Enfin, l’absence d’alternative à la distribution des produits Apple a été mise en évidence par les déclarations des APR, tous soulignant que leur clientèle était fortement attachée à la marque Apple et que la sortie de l’univers Apple se traduirait, pour eux, par la perte totale de valeur de leur fonds de commerce, par des investissements échoués ainsi que des coûts de réaménagement des magasins et de formation du personnel importants, impossibles à réaliser à court terme par des opérateurs se trouvant dans des situations déjà fragiles.

L’abus de dépendance a été retenu, en l’espèce, dès lors que l’Autorité a constaté qu’Apple avait limité la liberté commerciale des distributeurs APR en les soumettant à des retards ou des absences d’approvisionnement, résultant du système d’allocations mis en place par elle, alors que le réseau détenu en propre par Apple, celui des ARS et de l’AOS, était livré plus régulièrement. Ces pratiques, sources de désavantages pour les APR par rapport aux Apple Stores, toujours alimentés en temps et en heures en produits Apple, constituent en soi un abus de dépendance économique d’Apple. L’Autorité a également considéré comme abusive la pratique consistant à maintenir les APR dans l’incertitude sur les prix des approvisionnements et les conditions commerciales, compte tenu de la politique de remises mise en œuvre par Apple à leur égard. Soumis à Apple quant aux références et aux quantités pouvant leur être livrées et maintenus dans l’incertitude sur leurs conditions commerciales, ils n’étaient pas en situation de faire concurrence par les services aux ARS.

Les APR avaient été privés de la faculté de faire concurrence aux ARS auprès des consommateurs et que le fonctionnement de la concurrence intra-marque en avait été affecté, c’est-à-dire la concurrence qui doit normalement exister entre les différents distributeurs d’une marque donnée. Ces pratiques ont abouti à l’affaiblissement, voire à l’éviction, de certains APR, comme eBizcuss.com.

La concurrence inter-marque – c’est-à-dire celle jouant entre les différentes marques de produits électroniques – a également pu être affectée par ces pratiques, la violation par Apple des règles de concurrence au sein de son réseau de distribution pouvant, par rapport aux réseaux mis en place par des fabricants concurrents, constituer un avantage indu et déloyal dans la concurrence.
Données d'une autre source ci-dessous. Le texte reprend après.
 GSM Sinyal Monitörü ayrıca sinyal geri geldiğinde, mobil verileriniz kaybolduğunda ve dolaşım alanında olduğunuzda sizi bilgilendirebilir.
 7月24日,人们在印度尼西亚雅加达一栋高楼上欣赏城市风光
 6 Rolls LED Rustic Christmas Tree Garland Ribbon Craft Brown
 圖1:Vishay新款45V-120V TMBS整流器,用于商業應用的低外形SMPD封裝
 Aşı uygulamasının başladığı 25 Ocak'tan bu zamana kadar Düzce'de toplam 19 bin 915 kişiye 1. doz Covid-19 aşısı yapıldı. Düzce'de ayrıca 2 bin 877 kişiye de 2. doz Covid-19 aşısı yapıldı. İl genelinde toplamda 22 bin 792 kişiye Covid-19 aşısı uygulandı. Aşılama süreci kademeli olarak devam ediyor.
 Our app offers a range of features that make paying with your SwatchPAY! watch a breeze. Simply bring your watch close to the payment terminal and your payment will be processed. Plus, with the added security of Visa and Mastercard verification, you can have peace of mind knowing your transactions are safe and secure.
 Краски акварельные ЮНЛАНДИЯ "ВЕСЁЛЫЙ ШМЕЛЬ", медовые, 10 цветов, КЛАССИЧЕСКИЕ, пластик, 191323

Apple a en effet profité, avec les APR, d’un réseau dont les obligations caractéristiques mises à la charge des distributeurs s’apparentaient à celles de franchisés, sans être elle‑même soumise aux obligations d’un franchiseur, et privant de la même façon les distributeurs des contreparties attachées à cette forme de distribution. Apple s’est également dispensée, grâce aux APR, de développer des ARS dans toute la France, ce qui lui a permis de concentrer ses créations d’ARS dans les zones les plus rentables.
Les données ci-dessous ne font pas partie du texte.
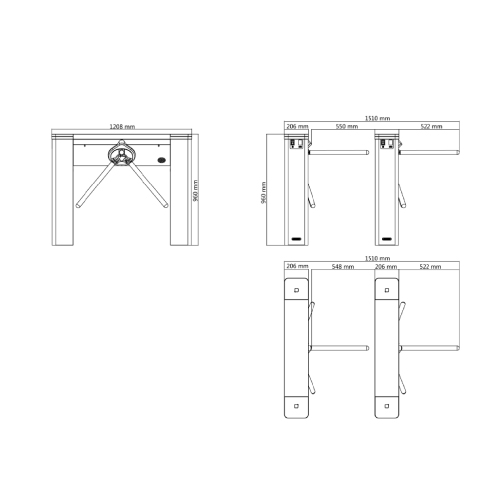 Plus de 35 fréquences de passage, 550 mm de largeur de couloir, acier inoxydable SUS304, épaisseur : 1,5 mm, meilleure performance anti-tailgating grâce à la conception du trépied, barrière tombant automatiquement pour l'évacuation d'urgence, conception des indicateurs LED en particulier au milieu du tourniquet, utilisation à l'intérieur et à l'extérieur ;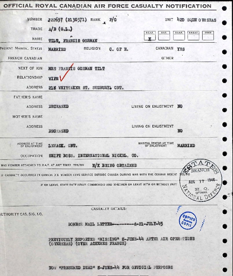 Digital gallery of Flying Officer Francis Gorman Tilt
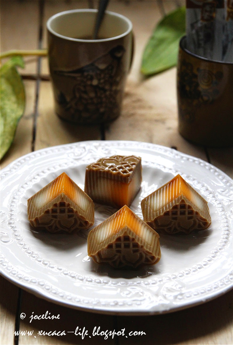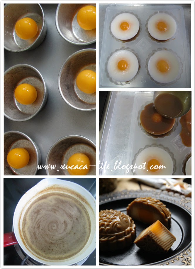 4)倒入少许的(3)白咖啡燕菜水在大月饼模里,等待稍微凝结,就放入一个杯子里的炼乳蛋黄馅。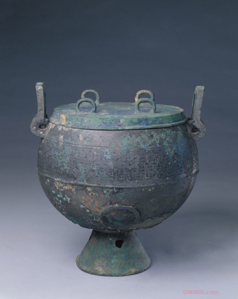 豆圆体,双附耳,矮圈足,平盖,上铸有四环。盖面及腹部各饰蟠螭纹一周,耳上饰回纹,腹下部有三处突起痕迹,足有四穿孔。蟠螭,即盘曲的龙,躯体较为粗壮。《文选》:“白鹿孑蜺于欂栌,蟠螭宛转而承楣。”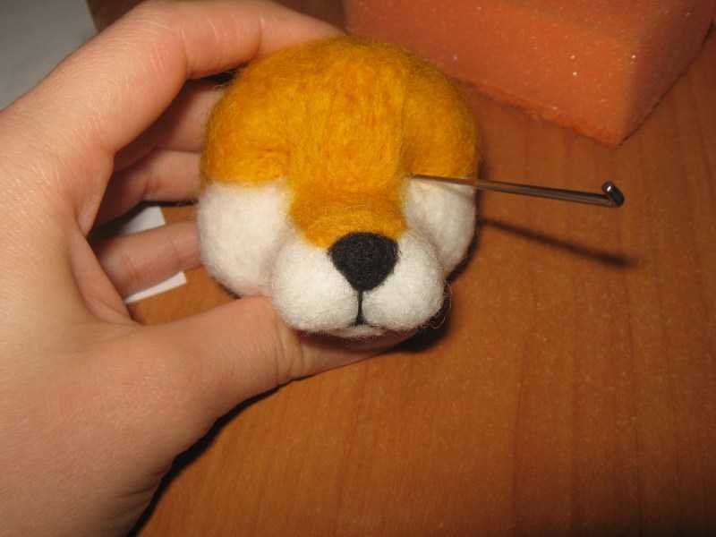 Из белой шерсти сворачивается рулон, а на губке формируется нужная форма, которая должна быть похожа на яйцо. Далее к туловищу крепиться шея, а затем голова. В той же технике делаются ушки и четыре лапки.

Les trois pratiques sanctionnées par l’Autorité ont permis à Apple, tout en affichant en théorie une distribution totalement libre et ouverte, qui ne revendique ni la qualification contractuelle de distribution exclusive, ni celles de distribution sélective ou de franchise, de maîtriser, non seulement les 40 % des ventes de ses produits au détail vendus en France dans son réseau détenu en propre (ARS et AOS), mais aussi les 10 % vendus par le canal de ses APR.